Per esempio, come dimenticare il grande contributo al repertorio sacro e corale? Nel concerto vi sarà un bellissimo esempio dato dalla Theresienmesse, la quarta scritta dopo il suo rientro da Londra. È un lavoro che in tutto e per tutto sta sulla soglia del secolo: composta nel 1799, possiede al suo interno germi di grande innovazione, che non lasceranno indifferente l’ottocento. Ma non è questo il luogo per approfondire. Lancio una sola suggestione. Nel Credo, dopo la corsa scatenata del Et resurrexit con una scrittura sinfonica muscolare, ci si ritrova nella più inaspettata delle situazioni: l’Et in Spiritum Sanctum, a seguito della più veloce ma naturale delle diradazioni sonore, innesca un meccanismo di progressione fra i solisti su un tema semplicissimo, quasi popolare, di un candore inarrivabile. Appena una trentina di battute, non di più, ma che sembrano destinate a protrarre eternamente la sola contemplazione del bel tema, con una ripetitività mantrica, che riesce miracolosamente ad annullare la percezione del tempo. Sarà solo la concretezza terrestre della fuga in 6/8 Et in vitam venturi a rompere l’incantesimo, liberandoci dalla fascinazione in maniera traumatica.

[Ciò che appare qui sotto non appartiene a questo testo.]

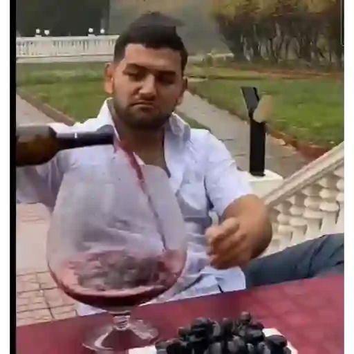 Um homem de barba e cabelo curto, com uma camisa branca, está sentado à mesa, bebendo vinho tinto de uma taça grande. Ele parece estar em um ambiente externo com grama e árvores ao fundo.
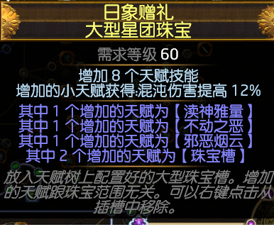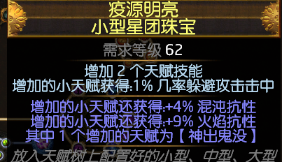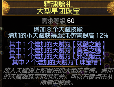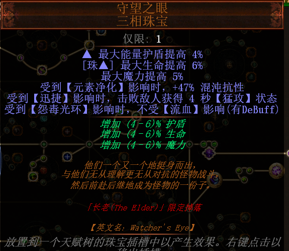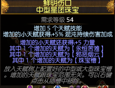 三相珠宝一颗:怨毒伤害持续时间,有钱就持续伤害加混沌抗加成飞起。

Si diceva poi del concerto, che fosse uno di quei generi marginali nell’immensa produzione haydniana, e ciò sia per il numero ridotto a fronte di tanti altri lavori, che per i risultati. Naturalmente tutto questo, avvalendosi del confronto con il miracolo del concertismo mozartiano.  Altra bugia enorme. 
Se è vero, specie avanzando con la maturità, che Haydn perse interesse man mano per il genere del concerto, non è vero che non l’abbia praticato assiduamente, specie negli anni giovanili, e con risultati eccellenti, a volte veri e propri capolavori delle letterature dei vari strumenti. Ne sanno qualcosa violoncellisti e trombettisti di quanto splendide siano le creazioni haydniane, di gran lunga le più amate fra i concerti anteriori alla grande stagione romantica. 
Certo, mancano l’introspezione drammatica, la cura teatrale per il rapporto fra orchestra e solista, l’afflato sinfonico (paradosso incredibile per un sinfonista di prim’ordine) che contrassegnano il concertismo di Mozart; ma la capacità di rintracciare lo spirito peculiare d’ogni strumento, il gioco sapiente con la timbrica, un’innegabile eleganza di scrittura e una fantasia senza pari sono la cifra stilistica di questo autore nel suo contributo al genere. E non è poco. 
Nella sua produzione, la Sinfonia concertante per violino, oboe, fagotto e violoncello, per quanto nella sua natura di ibrido, zittisce quanti hanno accusato il genere concertistico haydniano di mancanza di originalità: con una mossa da maestro, Haydn sembra chiamare in proprio soccorso il meglio della sua esperienza compositiva, mettendo assieme la sua perizia di sinfonista con l’abilità incontrastata di autore di quartetti: il risultato è un lavoro unico, un quartetto concertante, una fusione geniale e felice tra l’introspezione, la raffinatezza e l’equilibrio della scrittura cameristica e la spettacolarità, lo spessore e il respiro della scrittura sinfonica. Una creazione, quindi, tutt’altro che banale, di cui ogni frase è una sorpresa tecnica e poetica ̶ dal vero e spassionato concertismo dei solisti nel primo movimento, alle tinte autunnali date dalla magistrale organizzazione dei quattro timbri nell’adagio, all’inizio in stile recitativo del rondò ̶ e nel suo intero un capolavoro senza tempo.